Mittwoch, 16. Mai 2018

367. Akt

Äh.. ja... da bin ich wieder.
Allzu lange habe ich meinen schönen Blog ruhenlassen. Aber er ist ja kein Hefeteig und manchmal setzen Texte Staub an.
Also, es ist viel passiert in der Zwischenzeit. Manche Menschen haben mein Leben verlassen – im schlimmsten Fall sogar das ihre – und manche sind hinzugekommen. So befinde ich mich jetzt immer noch mit Kind 1.0 und 2.0 in dem schönen Häuschen am Rande der Stadt, habe mein Leben allerdings um eine Handvoll Menschen ergänzt. Eigentlich könnte alles rosarot sein, wenn, ja wenn nicht der ganze Alltagskram sich immer wieder vor einem aufstauen würde und dann niedergeschrieben gehört. Und so soll es nun weitergehen. Und immer noch kann ich an vielen Stellen sagen:
Ich fasse es nicht!
Manche Dinge lassen sich ja nicht vermeiden. Viele lassen sich nicht verdrängen und einige lauern geradezu darauf zu passieren. Bei jedem. Und bei mir natürlich auch. Dabei muss es sich jetzt nicht um ernsthaft Grausiges handeln. Lediglich sanft Beängstigendes reicht da völlig. Und so schleppte ich das Wissen über das was anstand lange mit mir herum.
Und wann immer mich eine Freundin oder ein Bekannter nach meinem Alter fragte, überlegte ich, ob ich nun lügen, aggressiv werden, lässig abwinken oder es einfach ignorieren sollte.
Wie gesagt, mein Problem war nichts weltbewegendes.
Es war mein 50. Geburtstag.
Natürlich war mir klar, dass ich nicht über Nacht die Farbe wechseln würde oder schlagartig Mariannengraben tiefe Falten ins Gesicht gemeißelt bekäme. Auch würde keiner kommen, aus Sicherheitsgründen bei meinen Highheels die Absätze abbrechen und mir einen schnieken Rollator in den Flur stellen. Es war einfach nur so eine große Zahl. 50. Halbvoll oder halbleer? An guten Tagen war es mir wurscht, an schlechten war mir eher nach randvoll. Aber Prosecco und Cocktails halten den Lauf der Zeit ja nun nachweislich auch nicht auf.

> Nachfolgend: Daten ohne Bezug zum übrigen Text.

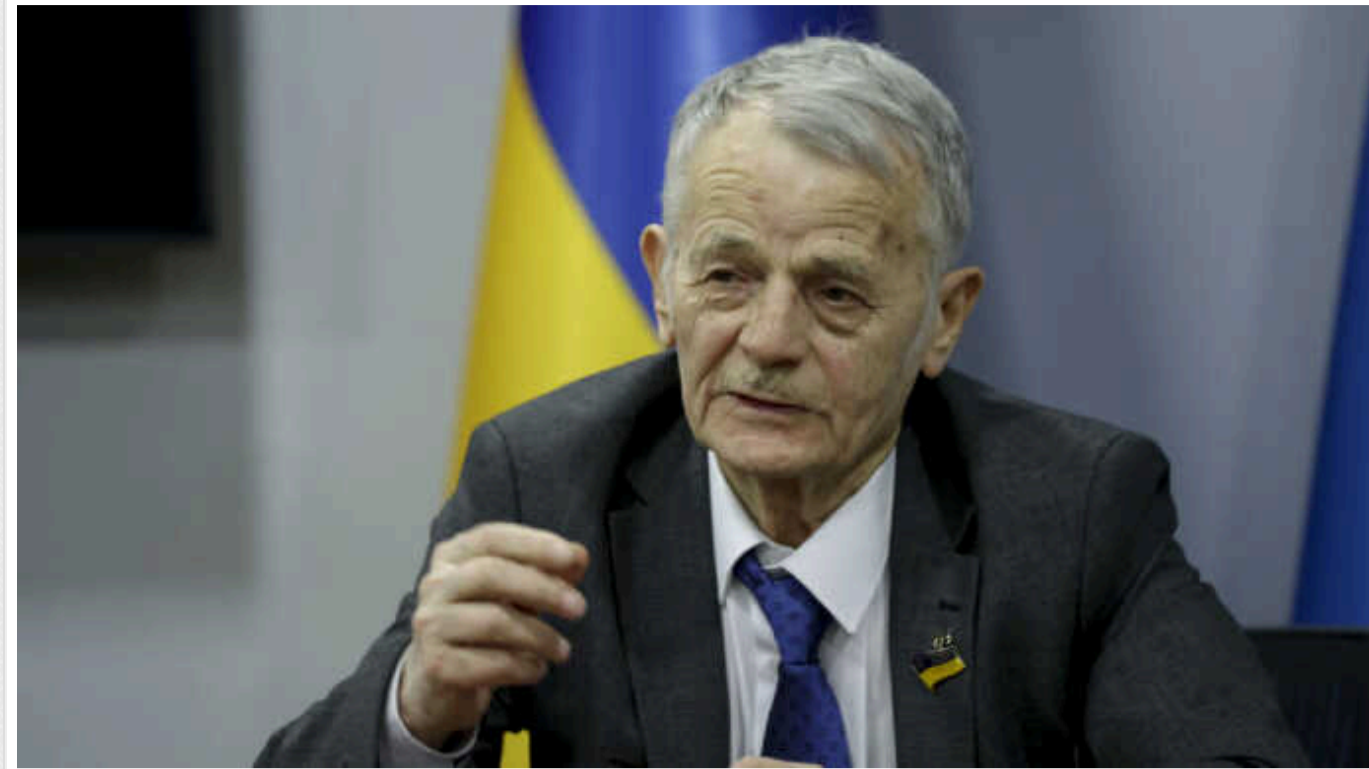
Джемелєв закликав росіян, які незаконно переселилися до Криму, залишити півострів

Лідер кримськотатарського народу Мустафа Джемелєв закликав громадян РФ, які переселилися до Криму, покинути півострів, поки функціонує Керченський міст.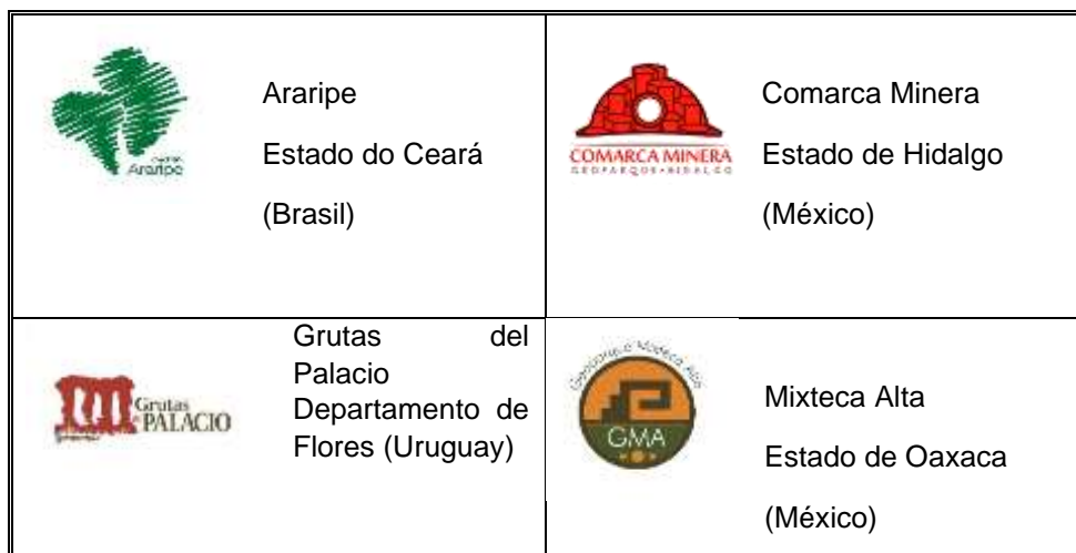
Imagen 3. Geoparques fundadores de la Red GeoLAC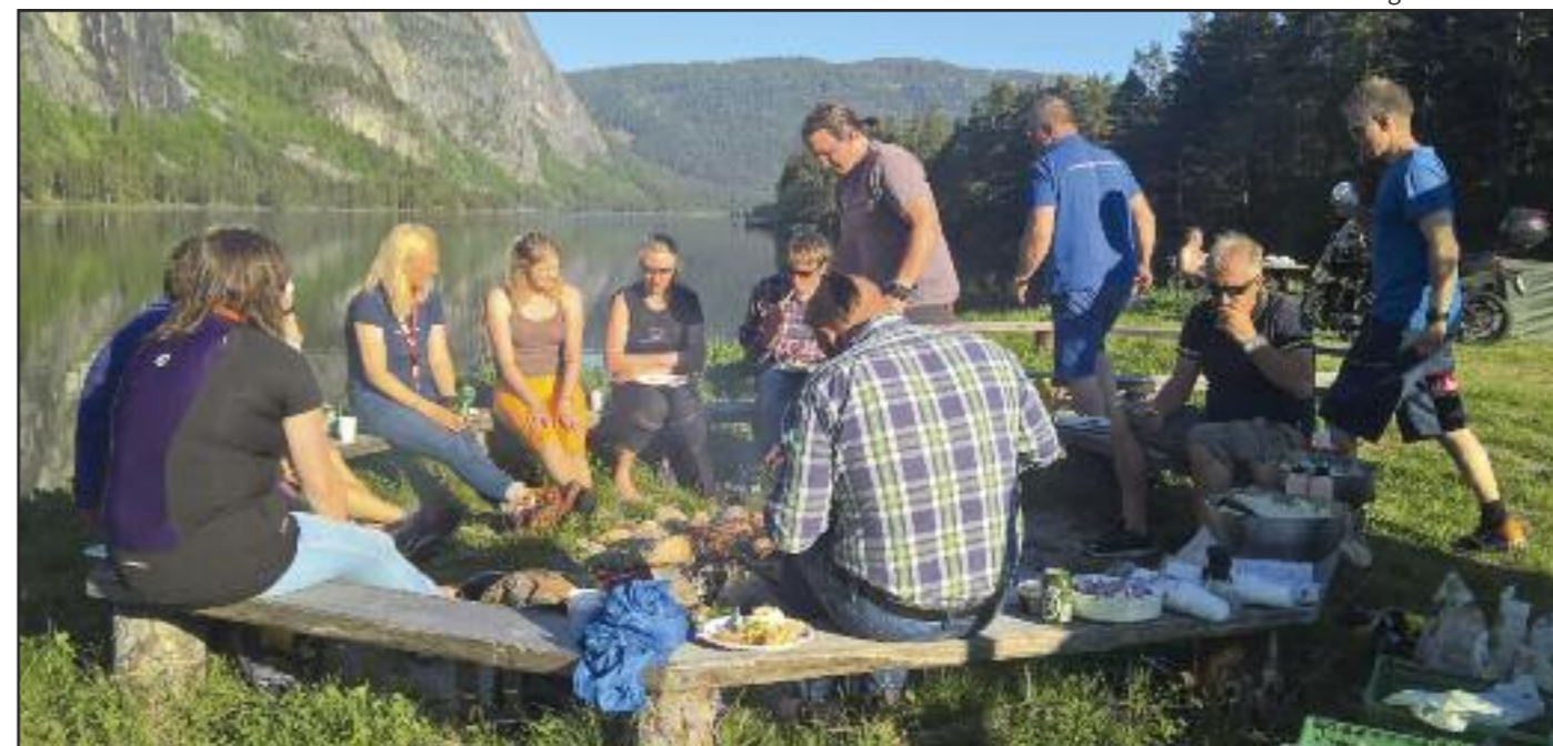
Grilling i strålende vær

Wie machten es denn die anderen? Also nicht die, die prinzipiell das Alter ihrer Kinder von dem ihren abzogen?
Meine ältere Schwester ist glaub ich locker rübergerutscht. Mein Bruder war schon nervöser. Mein Freund hatte fünf Monate vor mir diese Schallgrenze überschritten, ohne sich wesentlich zu verändern und bei einigen Bekannten änderte sich das Geburtsdatum und somit das Alter ohnehin quasi wöchentlich.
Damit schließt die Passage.